▶ WHAT YOU WILL DO
Output the listing exactly, without its pictures.
--- DATA ---
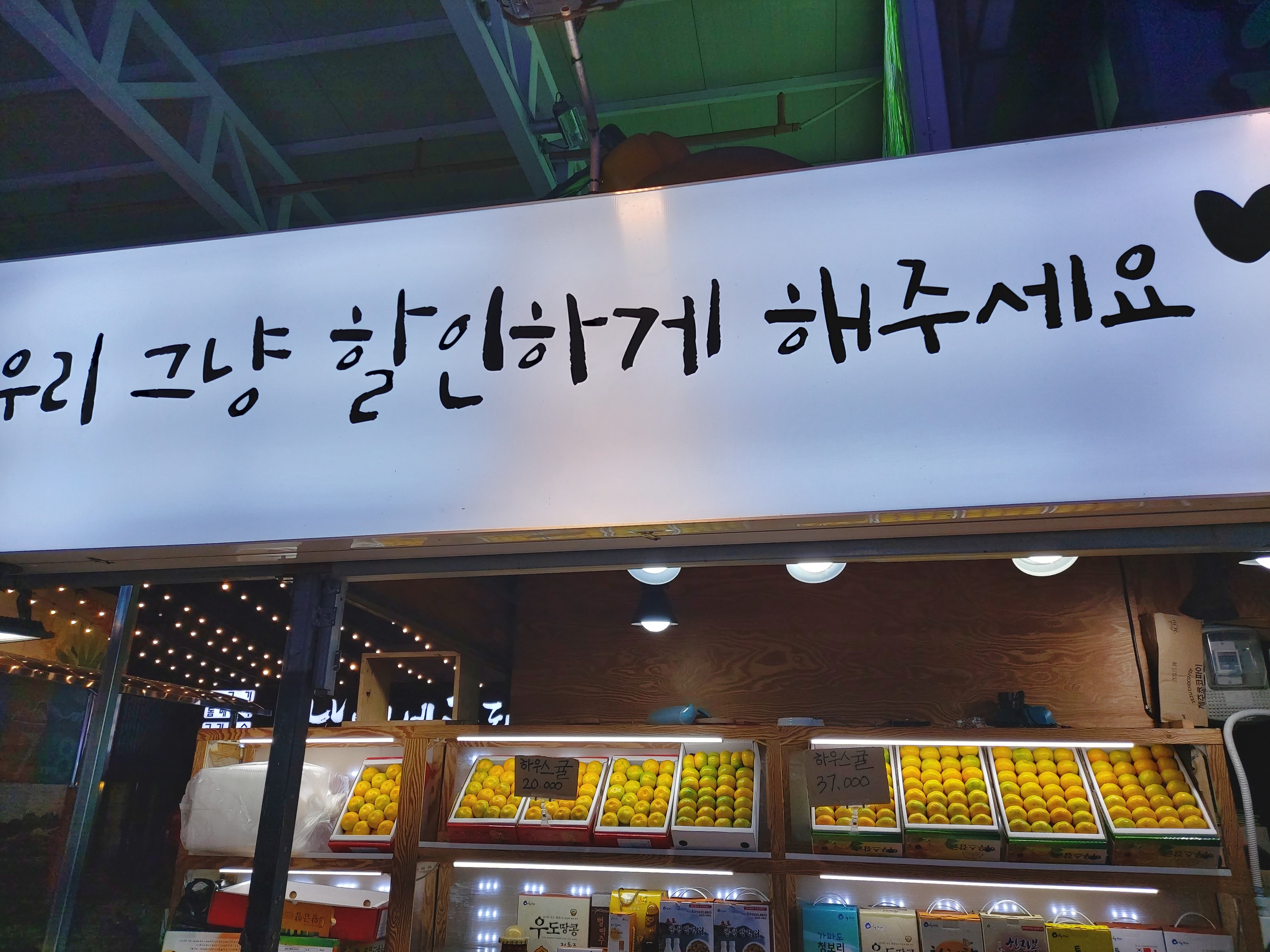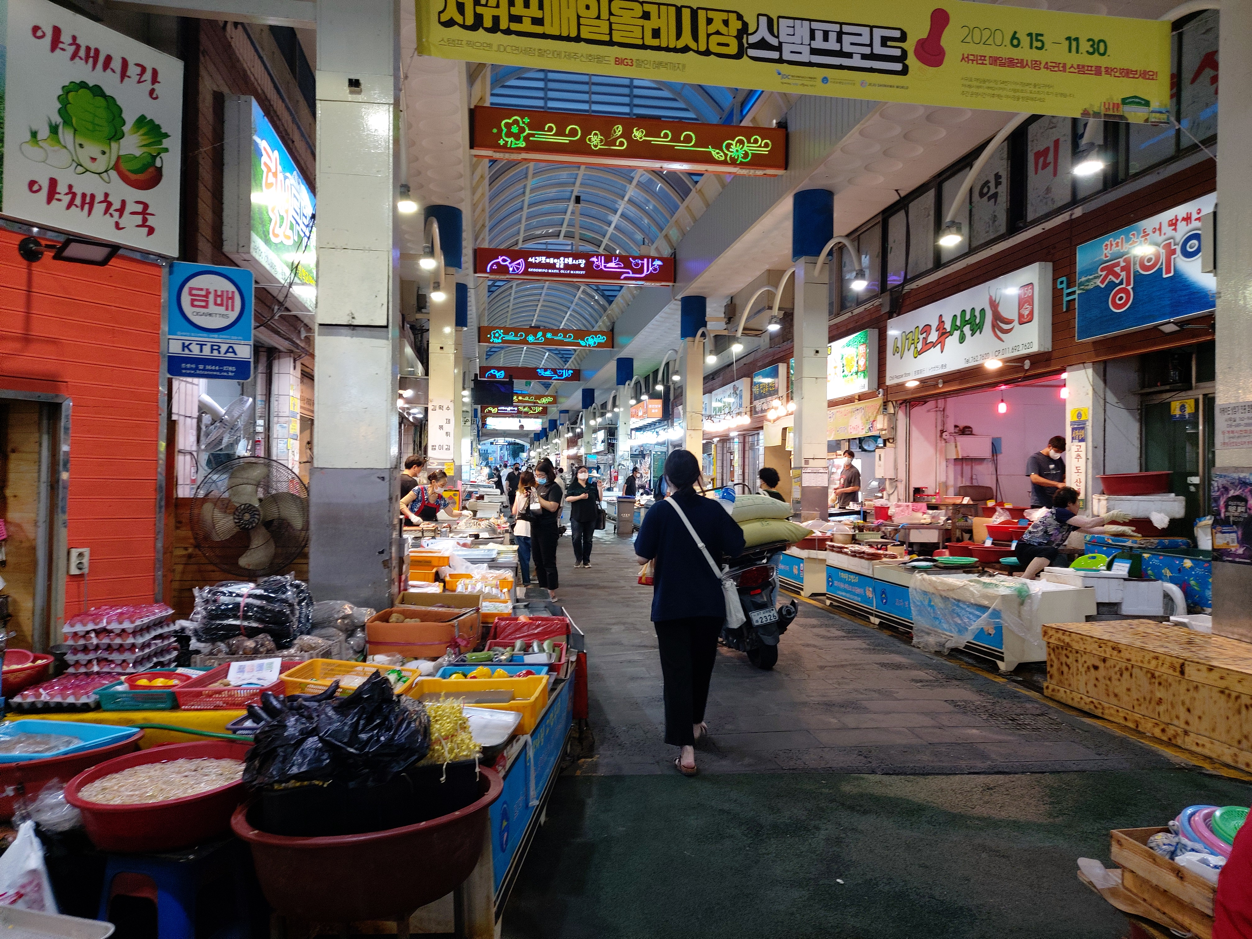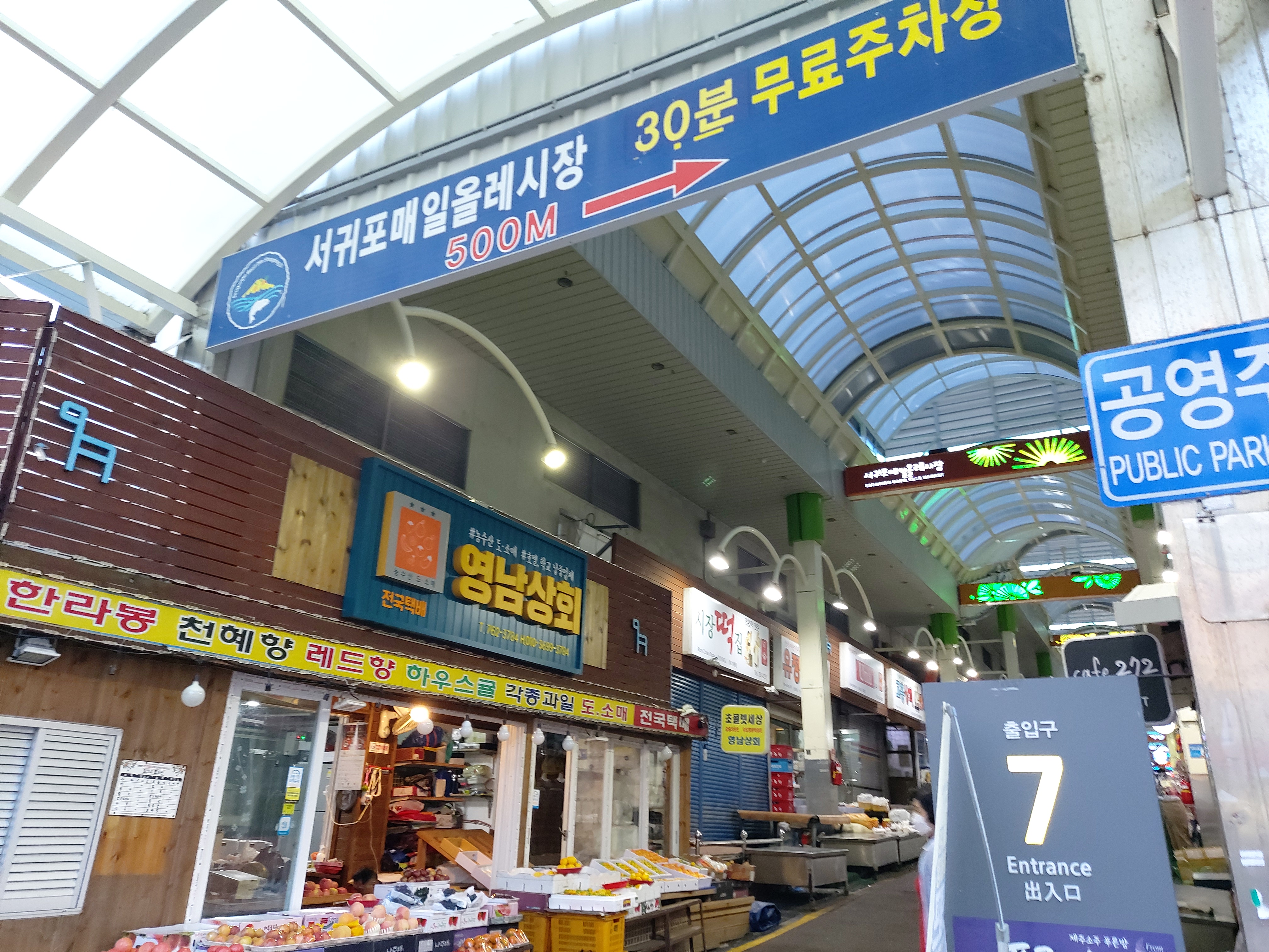 서귀포 올레시장은 매일 운영하는 곳으로 안쪽에는 수산물, 축산물을 포함해 과일이나 기념품까지 정말 다양한 물건들을 팔았다. 하지만 관광객이 많이 오는 건지 어느 길은 사람이 정말 없고 회 포장해서 파는곳은 끔찍하게 사람이 많았다.
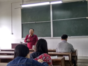 辅导员孙越龙在讲话中强调了学生新学期注册的注意事项、2014级男生需要注册兵役登记,并呼吁各班同学踊跃参加本周四晚将于红湘校区南校就业中心举办的招聘会,提醒各班班长做好五一放假工作,要同学们注意人身安全和财产安全。
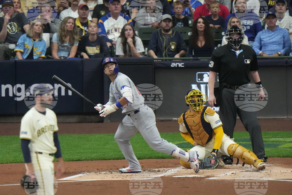Chicago Cubs' Seiya Suzuki (27) bats during the first inning of Game 2 of baseball's National League Division Series against the Milwaukee Brewers Monday, Oct. 6, 2025, in Milwaukee. (AP Photo/Kayla Wolf)
---
▶ RESULT OF THIS EXERCISE
 서귀포 올레시장은 매일 운영하는 곳으로 안쪽에는 수산물, 축산물을 포함해 과일이나 기념품까지 정말 다양한 물건들을 팔았다. 하지만 관광객이 많이 오는 건지 어느 길은 사람이 정말 없고 회 포장해서 파는곳은 끔찍하게 사람이 많았다.
 辅导员孙越龙在讲话中强调了学生新学期注册的注意事项、2014级男生需要注册兵役登记,并呼吁各班同学踊跃参加本周四晚将于红湘校区南校就业中心举办的招聘会,提醒各班班长做好五一放假工作,要同学们注意人身安全和财产安全。
Chicago Cubs' Seiya Suzuki (27) bats during the first inning of Game 2 of baseball's National League Division Series against the Milwaukee Brewers Monday, Oct. 6, 2025, in Milwaukee. (AP Photo/Kayla Wolf)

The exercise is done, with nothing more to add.